OVH data centres go TITSUP: Power supply blunders blamed
Thanks, initial testing seems unduly problematic
Updated Power outages have brought some OVH data centres to their knees, and unspecified issues have broken optical cable routing in Europe.
OVH boasts it is used by "155 out of the 1000 largest European companies," and "20 out of the 500 largest international companies."
According to the outage monitoring service downdetector.com, over 100 watchers have reported issues with OVH hosting and email since around 7:37 UTC today.
CEO Octave Klaba tweeted that "two separated 20kV lines are down," and said the team was trying to restart generators for its central Europe SBG1 and SG4 data centres.
SBG: ERDF is trying to find out the default. 2 separated 20kV lines are down. We are trying to restart 2 generators A+B for SBG1/SG4. 2 others generators A+B work in SBG2. 1 routing room is in SBG1, the second in SBG2. Both are down. #Murphy— Octave Klaba (@olesovhcom) November 9, 2017
Also, optical links to point-of-presences (POPs) are down.
RBX: all optical links 100G from RBX to TH2, GSW, LDN, BRU, FRA, AMS are down.— Octave Klaba (@olesovhcom) November 9, 2017
ovh.co.uk and ovh.com are also not loading for us here in London. However, it sounds as though OVH has been making a tiny bit of progress...
SBG: 1 gen restarted.— Octave Klaba (@olesovhcom) November 9, 2017
We called OVH's UK customer support number, and heard the message "service is closed" and a long "ewwwwww...." It's maybe unrelated.
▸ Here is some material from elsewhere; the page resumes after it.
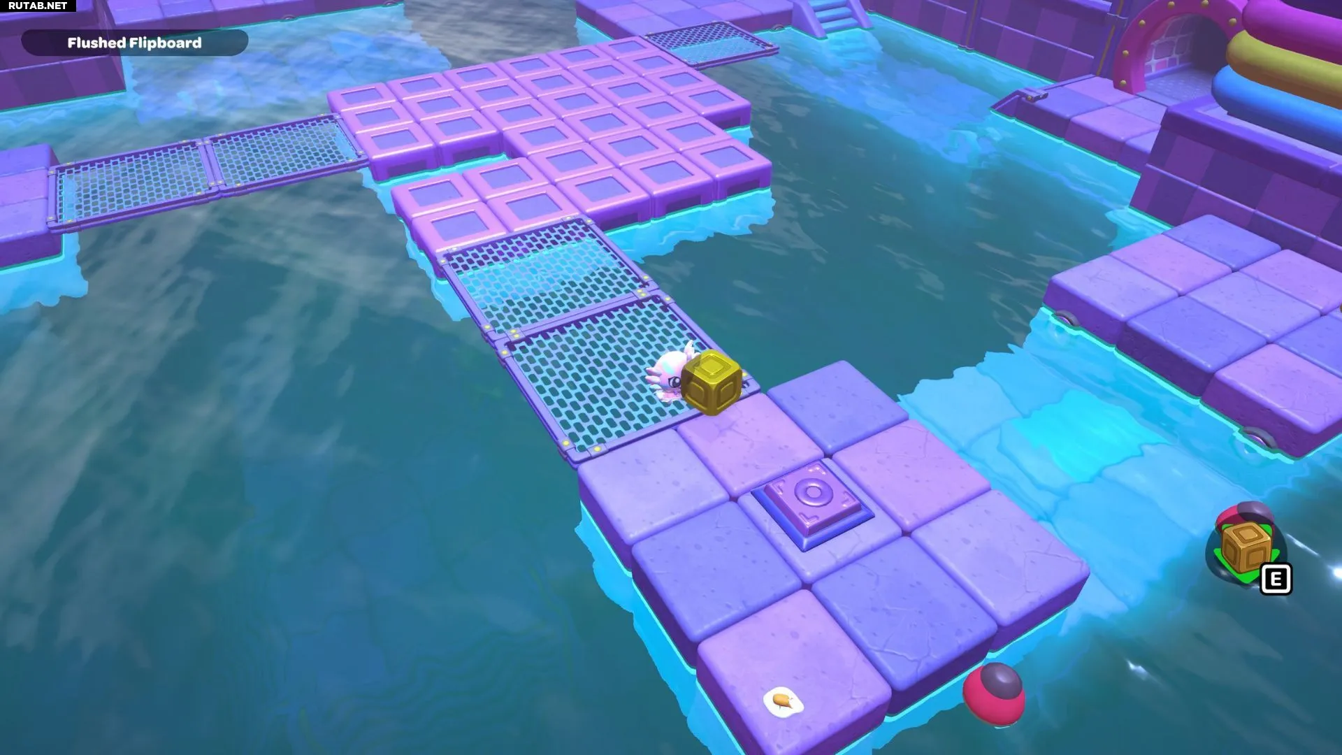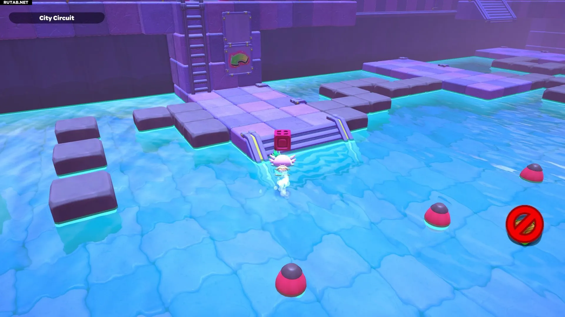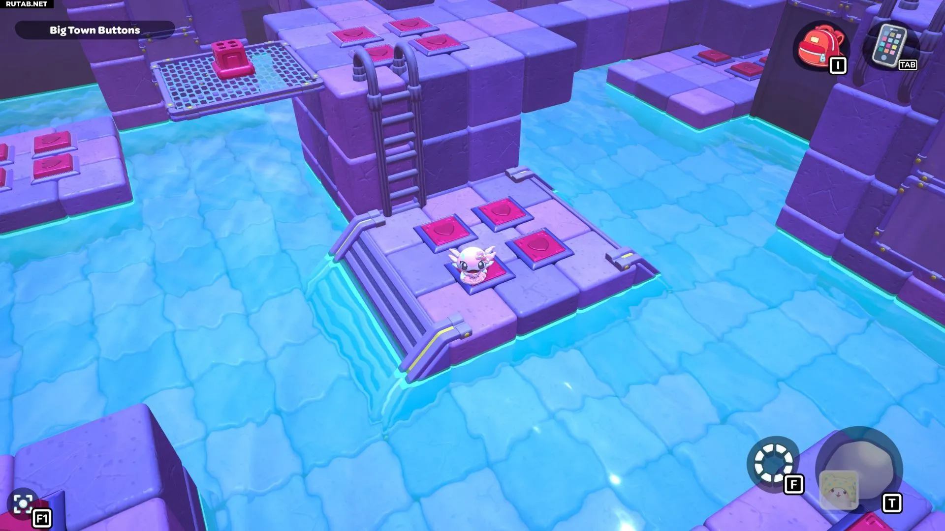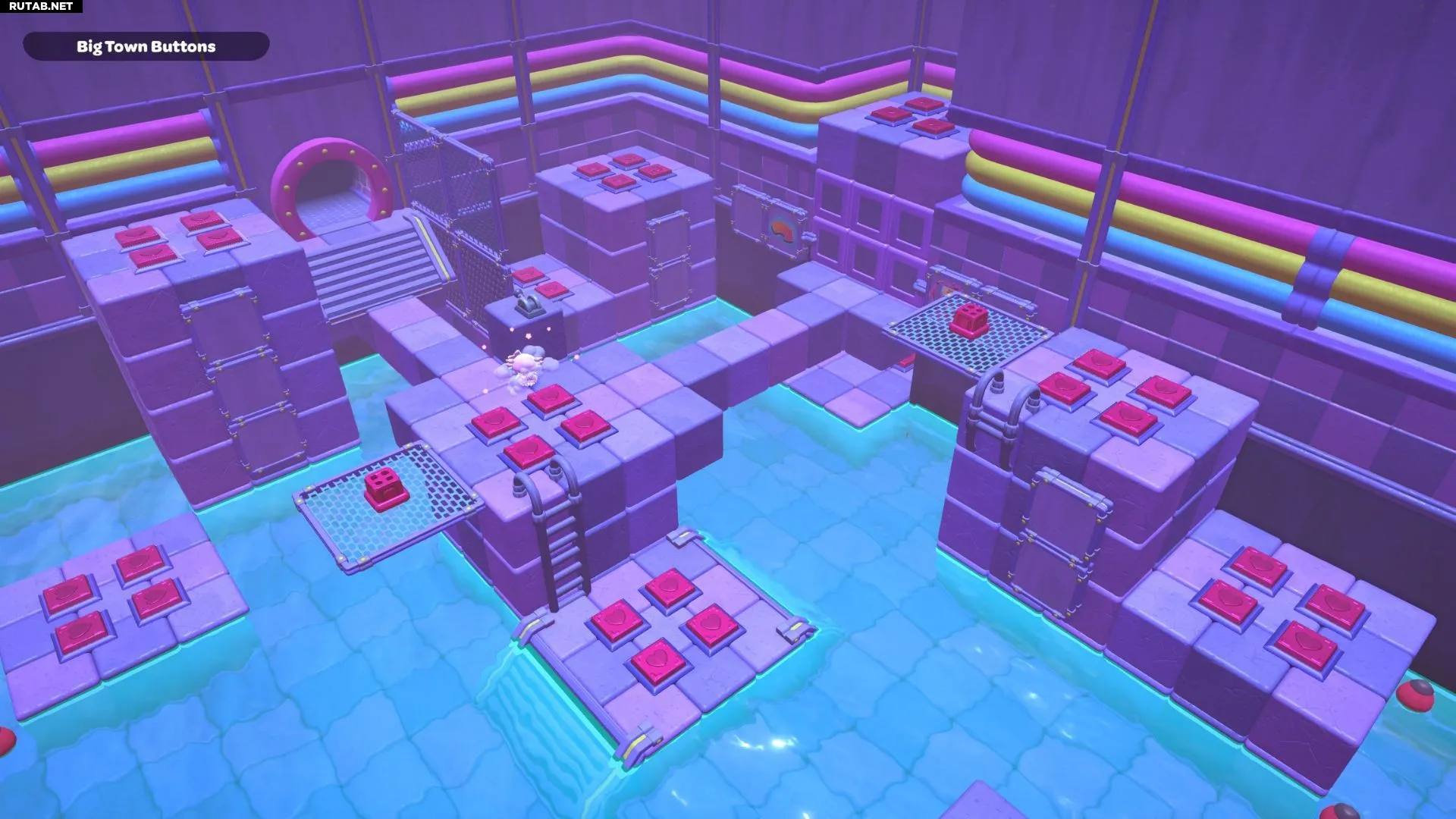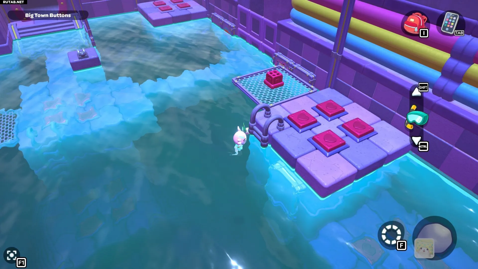 Проплывите к платформе на западе и поднимитесь по её лестнице. Прежде чем двигаться дальше, наступите на каждую кнопку на этой платформе.

Spencer Pryor, CEO of Your Radio in Glasgow, Scotland, told The Register that its websites and 1,000 audio streams running through OVH are down. He said between about 10 and 20 per cent of its audience was online. "It's just aggravating this morning," he said.
Luke Ellis, of Livebuzz, told The Register he saw this outage "negatively", adding: "How can a tier-four data centre experience total loss of power to its routing equipment for over three hours?! Both redundant lines and both backup generators."
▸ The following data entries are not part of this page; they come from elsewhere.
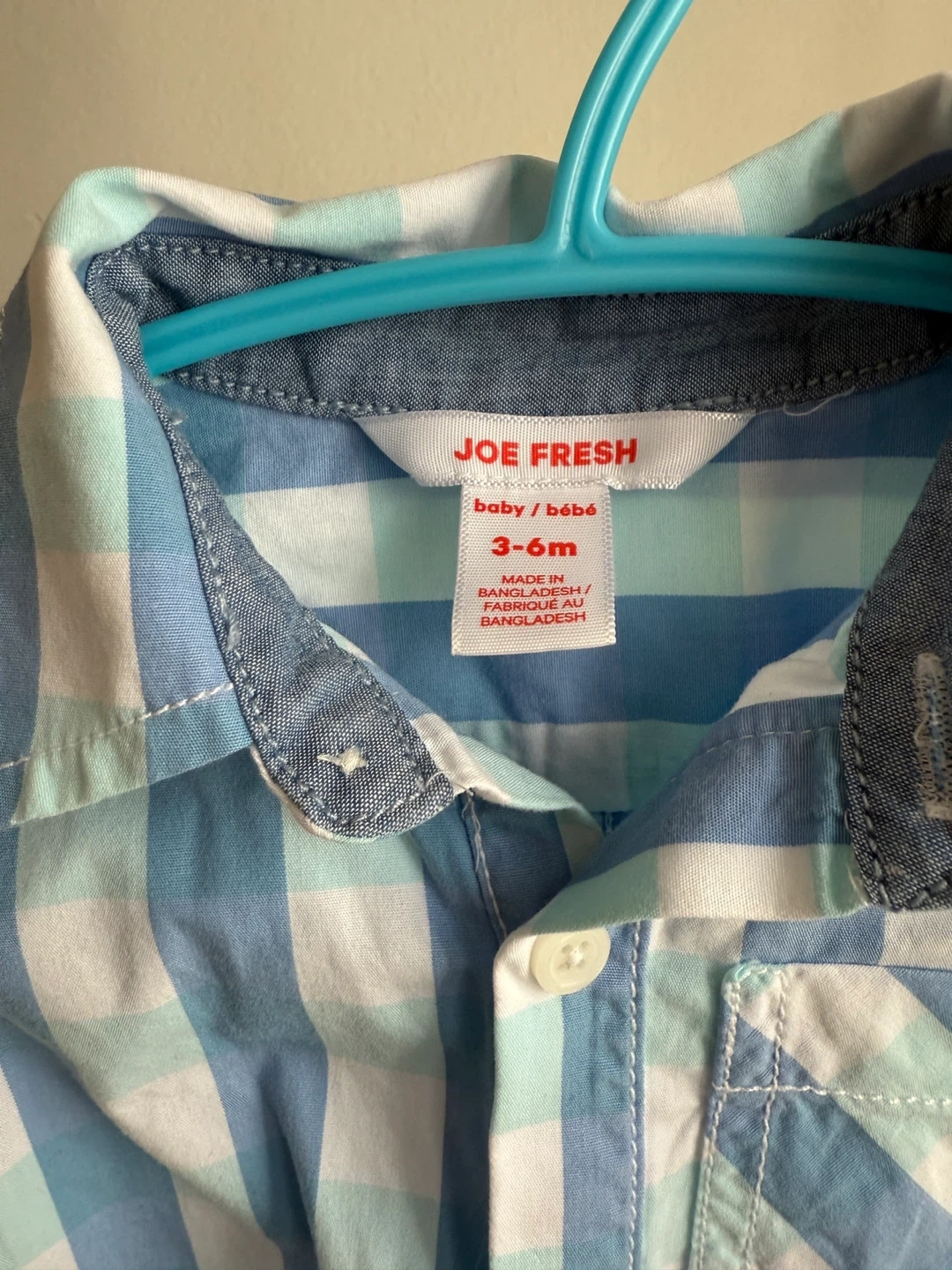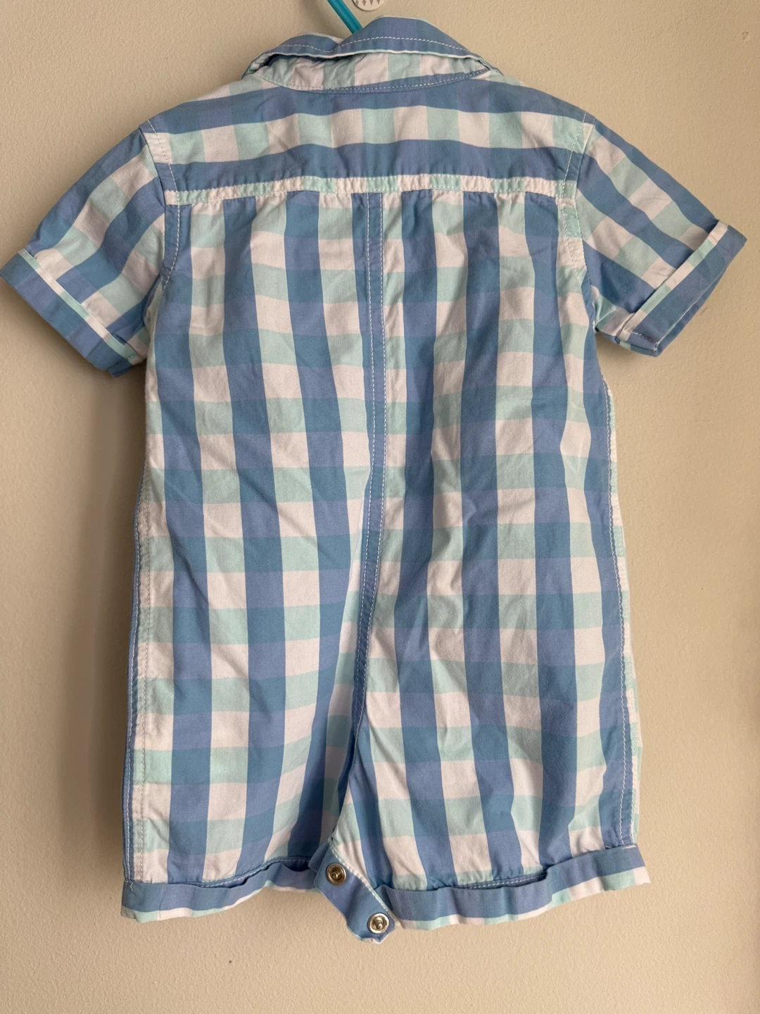201A cute baby romper! It's a blue and white checkered pattern. Size is 3-6 months Like new For pick up
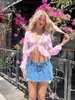 Camiseta de manga larga con cuello en V y volantes de gasa, sexy, color rosa, para mujer, estilo transfronterizo europeo y americano.
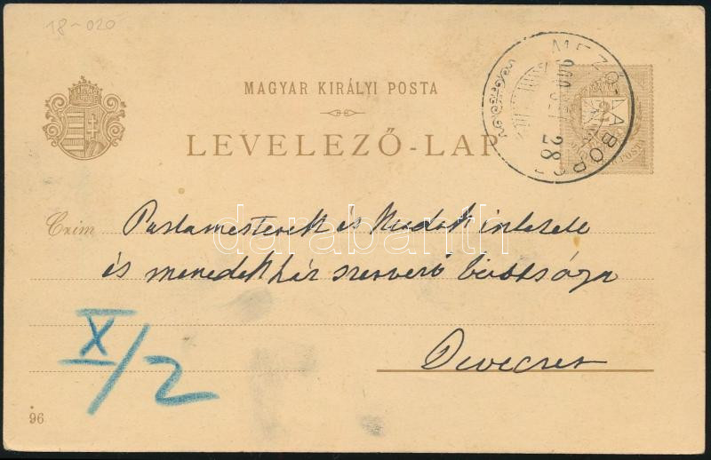 1900 Millenniumi díjjegyes levelezőlap (Huszártoborzó) "MEZŐ-LABORCZ" / 2kr millennial PS-card "MEZŐ-LABORCZ" (Image)(Image 1)

OVH had a pretty nasty water cooling leak in July. We contacted a spokesperson for comment on this latest cockup. ®
Updated at 14:04 GMT November 9 to add
The biz has said that most customers should be up and running soon, and that systems were returning to normal. "In the coming days, impacted customers will receive an email to trigger SLA commitments," the CEO wrote in the most recent update on its website, here, in French.
Updated at 09:19 GMT November 10 to add
An OVH spokesperson told us: "Here is the latest update of the situation we can share so far." They said an official statement would be released shortly.
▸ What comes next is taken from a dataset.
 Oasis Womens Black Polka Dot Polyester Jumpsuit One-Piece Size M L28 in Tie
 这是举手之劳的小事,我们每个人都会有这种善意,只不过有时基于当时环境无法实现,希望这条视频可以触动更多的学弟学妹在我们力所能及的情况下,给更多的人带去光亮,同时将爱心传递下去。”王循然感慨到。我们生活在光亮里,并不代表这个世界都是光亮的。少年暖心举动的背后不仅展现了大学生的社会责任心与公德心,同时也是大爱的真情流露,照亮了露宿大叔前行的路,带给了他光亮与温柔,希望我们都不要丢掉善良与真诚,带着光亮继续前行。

Updated at 20:15 GMT November 10 to add
Full details of the power failures are documented here (translated here). "A power outage that left three data centers without power for 3.5 hours," the note reads. "SBG1, SBG2 and SBG4 were impacted. This is probably the worst-case scenario that could have happened to us."
Essentially, there wasn't sufficient redundancy in its power supply lines, so when one cable failed, it all went down, down, down.
PS: TITSUP stands for Total Inability to Support Usual Phhhhuuuu... how many hours?!